**Assigned task:** Would you retype exactly the lines below, starting with the one that has "Dry tropical exotic" and going on through the one that has "Vintage Green Glass", with no pictures and nothing else?

**Exercise materials:**
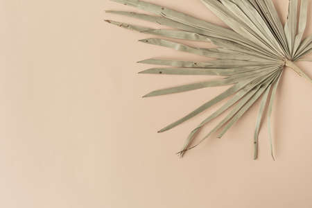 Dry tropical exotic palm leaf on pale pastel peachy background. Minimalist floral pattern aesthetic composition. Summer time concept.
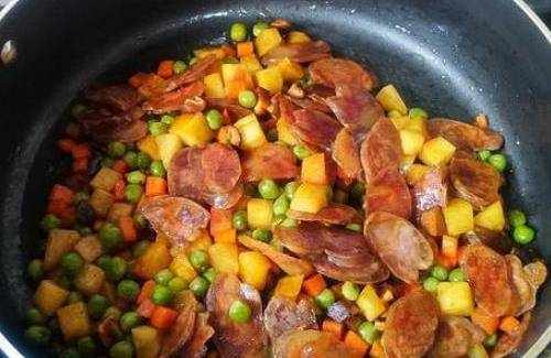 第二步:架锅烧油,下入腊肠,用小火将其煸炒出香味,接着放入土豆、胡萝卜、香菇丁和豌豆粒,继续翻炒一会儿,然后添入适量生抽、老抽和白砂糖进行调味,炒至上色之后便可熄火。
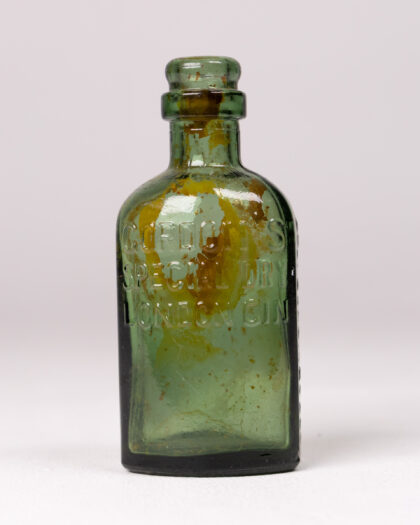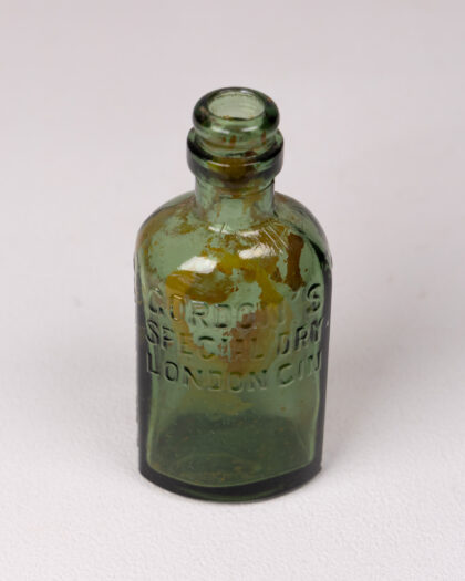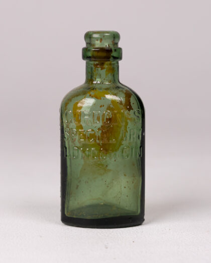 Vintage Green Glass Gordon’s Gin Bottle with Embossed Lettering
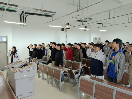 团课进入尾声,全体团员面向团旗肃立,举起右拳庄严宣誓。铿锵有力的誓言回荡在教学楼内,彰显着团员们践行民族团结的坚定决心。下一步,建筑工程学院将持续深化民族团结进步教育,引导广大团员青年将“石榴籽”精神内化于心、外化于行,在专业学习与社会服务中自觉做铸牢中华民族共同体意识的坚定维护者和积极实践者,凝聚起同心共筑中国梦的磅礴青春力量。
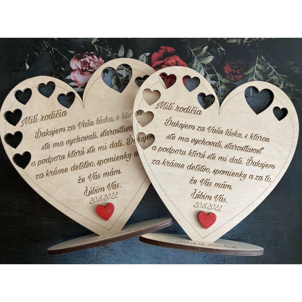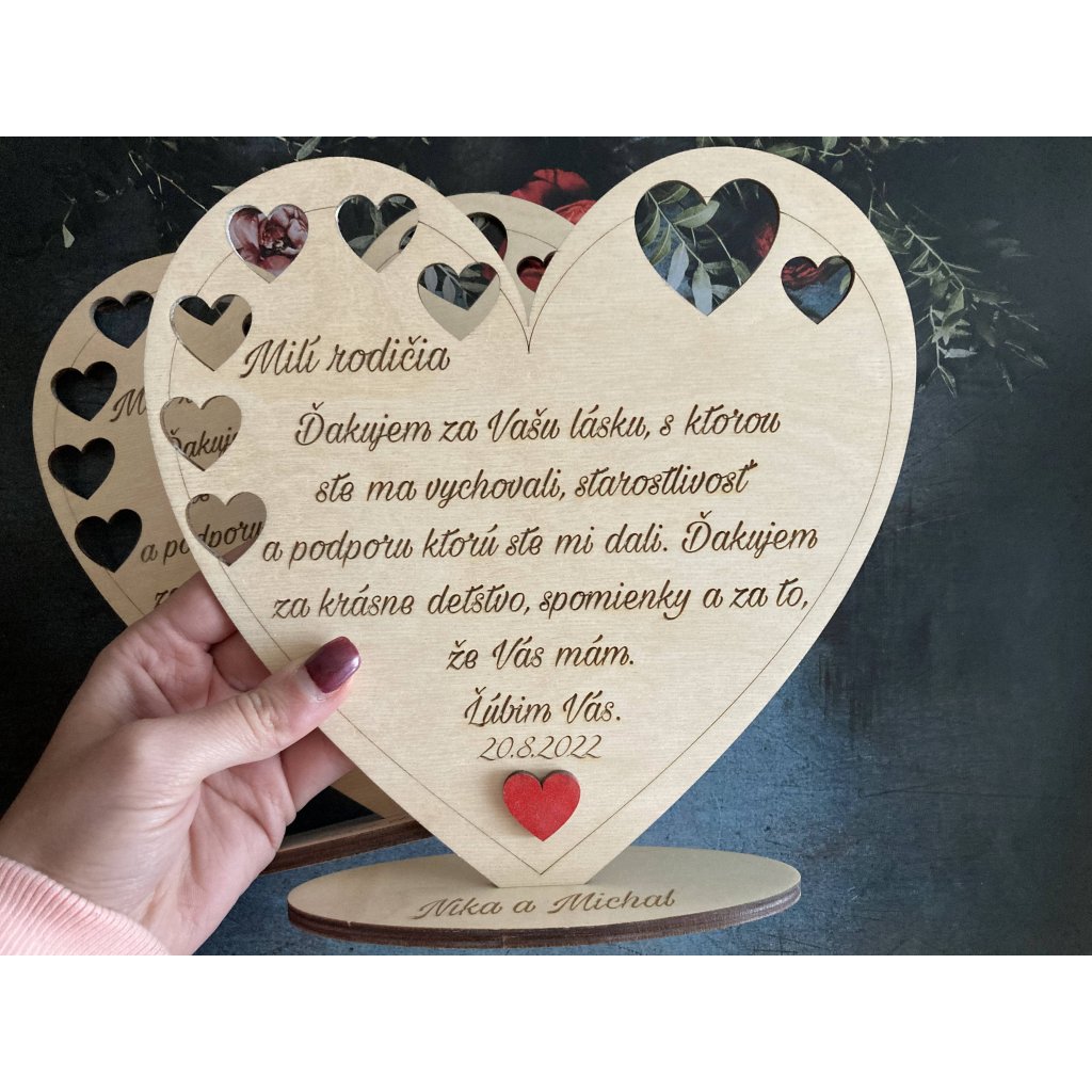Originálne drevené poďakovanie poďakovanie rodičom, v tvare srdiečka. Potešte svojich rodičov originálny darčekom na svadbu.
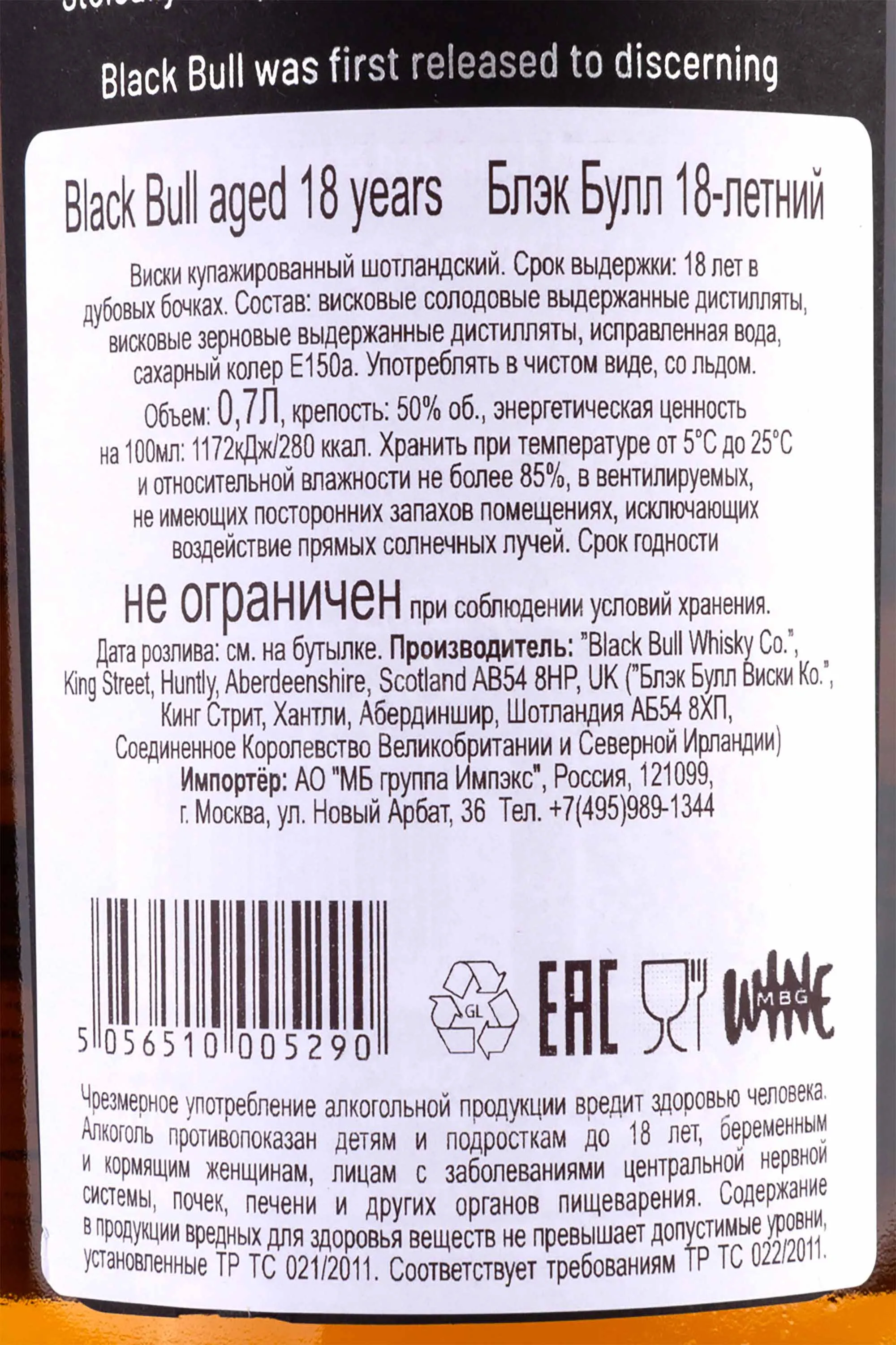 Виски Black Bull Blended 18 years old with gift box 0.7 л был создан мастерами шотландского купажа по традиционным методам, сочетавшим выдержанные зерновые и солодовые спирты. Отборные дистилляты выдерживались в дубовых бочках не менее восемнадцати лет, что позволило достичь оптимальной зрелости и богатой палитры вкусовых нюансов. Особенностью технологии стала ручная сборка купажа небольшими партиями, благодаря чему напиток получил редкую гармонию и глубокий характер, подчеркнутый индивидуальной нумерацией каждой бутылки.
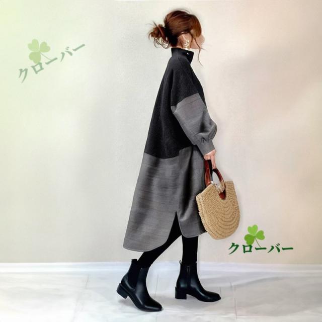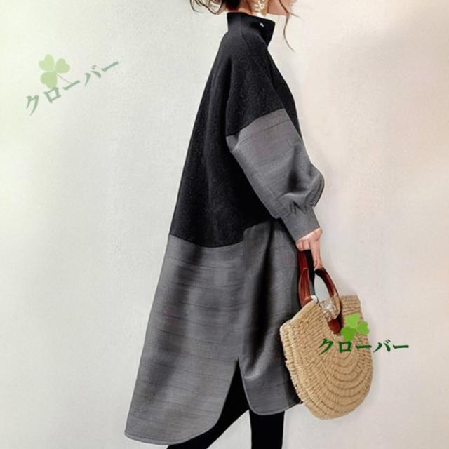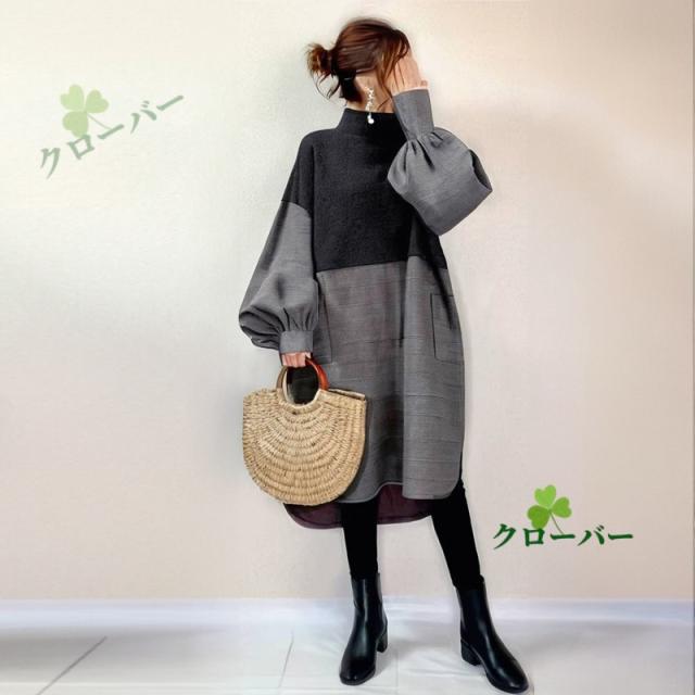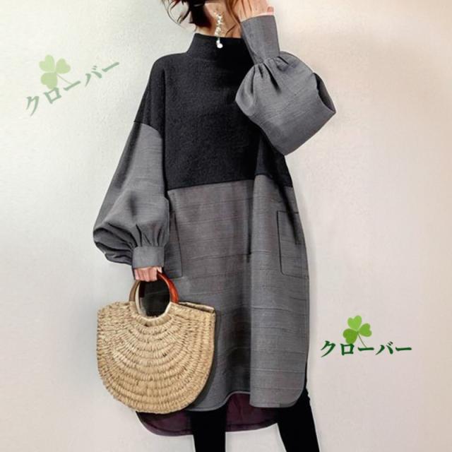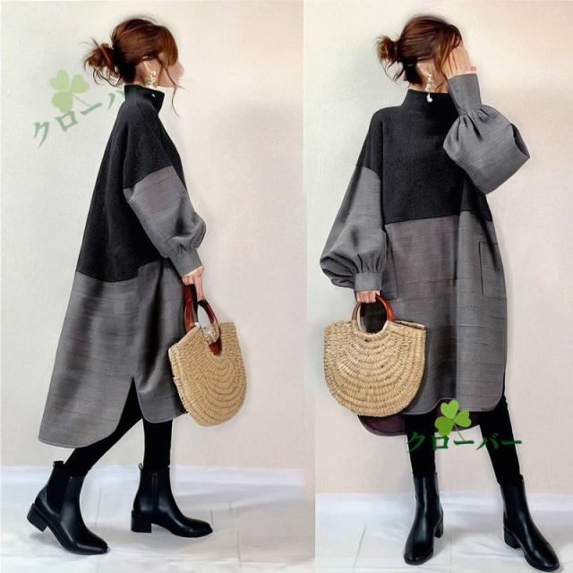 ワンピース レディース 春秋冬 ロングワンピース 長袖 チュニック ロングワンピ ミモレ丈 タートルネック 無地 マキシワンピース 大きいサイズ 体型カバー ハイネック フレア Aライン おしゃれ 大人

--

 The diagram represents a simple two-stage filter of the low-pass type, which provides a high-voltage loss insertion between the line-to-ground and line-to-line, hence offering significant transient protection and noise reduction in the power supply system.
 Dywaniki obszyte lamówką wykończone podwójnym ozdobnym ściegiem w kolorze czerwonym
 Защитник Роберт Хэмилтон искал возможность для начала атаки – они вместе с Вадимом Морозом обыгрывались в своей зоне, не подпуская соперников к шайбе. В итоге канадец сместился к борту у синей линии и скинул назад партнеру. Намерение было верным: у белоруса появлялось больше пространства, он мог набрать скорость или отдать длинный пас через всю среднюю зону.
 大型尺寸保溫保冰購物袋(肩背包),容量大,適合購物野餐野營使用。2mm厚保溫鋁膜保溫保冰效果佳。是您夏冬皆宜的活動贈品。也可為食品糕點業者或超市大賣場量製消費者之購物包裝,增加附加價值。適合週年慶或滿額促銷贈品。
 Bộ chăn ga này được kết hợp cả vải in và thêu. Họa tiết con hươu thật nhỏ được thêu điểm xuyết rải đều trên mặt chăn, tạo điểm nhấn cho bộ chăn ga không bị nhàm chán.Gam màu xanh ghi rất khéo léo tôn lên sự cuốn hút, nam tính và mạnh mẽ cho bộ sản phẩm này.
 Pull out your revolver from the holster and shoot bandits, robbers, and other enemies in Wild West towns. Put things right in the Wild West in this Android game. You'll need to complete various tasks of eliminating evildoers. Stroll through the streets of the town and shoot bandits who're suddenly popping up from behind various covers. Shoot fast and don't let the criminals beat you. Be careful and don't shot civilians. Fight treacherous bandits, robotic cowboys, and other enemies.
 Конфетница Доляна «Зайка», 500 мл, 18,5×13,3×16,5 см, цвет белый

--

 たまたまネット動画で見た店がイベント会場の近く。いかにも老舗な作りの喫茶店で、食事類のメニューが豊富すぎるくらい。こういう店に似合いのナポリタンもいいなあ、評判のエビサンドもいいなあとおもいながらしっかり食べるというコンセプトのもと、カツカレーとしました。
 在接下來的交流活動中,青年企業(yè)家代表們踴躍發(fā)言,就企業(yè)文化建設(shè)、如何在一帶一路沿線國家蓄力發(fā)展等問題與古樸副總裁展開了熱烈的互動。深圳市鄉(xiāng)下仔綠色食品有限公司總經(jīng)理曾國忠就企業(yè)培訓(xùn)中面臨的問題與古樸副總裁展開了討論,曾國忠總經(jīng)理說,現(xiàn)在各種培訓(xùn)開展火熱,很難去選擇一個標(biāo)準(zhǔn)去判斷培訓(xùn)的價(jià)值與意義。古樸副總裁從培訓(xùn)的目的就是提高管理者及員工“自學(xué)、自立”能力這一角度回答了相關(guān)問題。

**Result of the task:**
 Dry tropical exotic palm leaf on pale pastel peachy background. Minimalist floral pattern aesthetic composition. Summer time concept.
 第二步:架锅烧油,下入腊肠,用小火将其煸炒出香味,接着放入土豆、胡萝卜、香菇丁和豌豆粒,继续翻炒一会儿,然后添入适量生抽、老抽和白砂糖进行调味,炒至上色之后便可熄火。
 Vintage Green Glass Gordon’s Gin Bottle with Embossed Lettering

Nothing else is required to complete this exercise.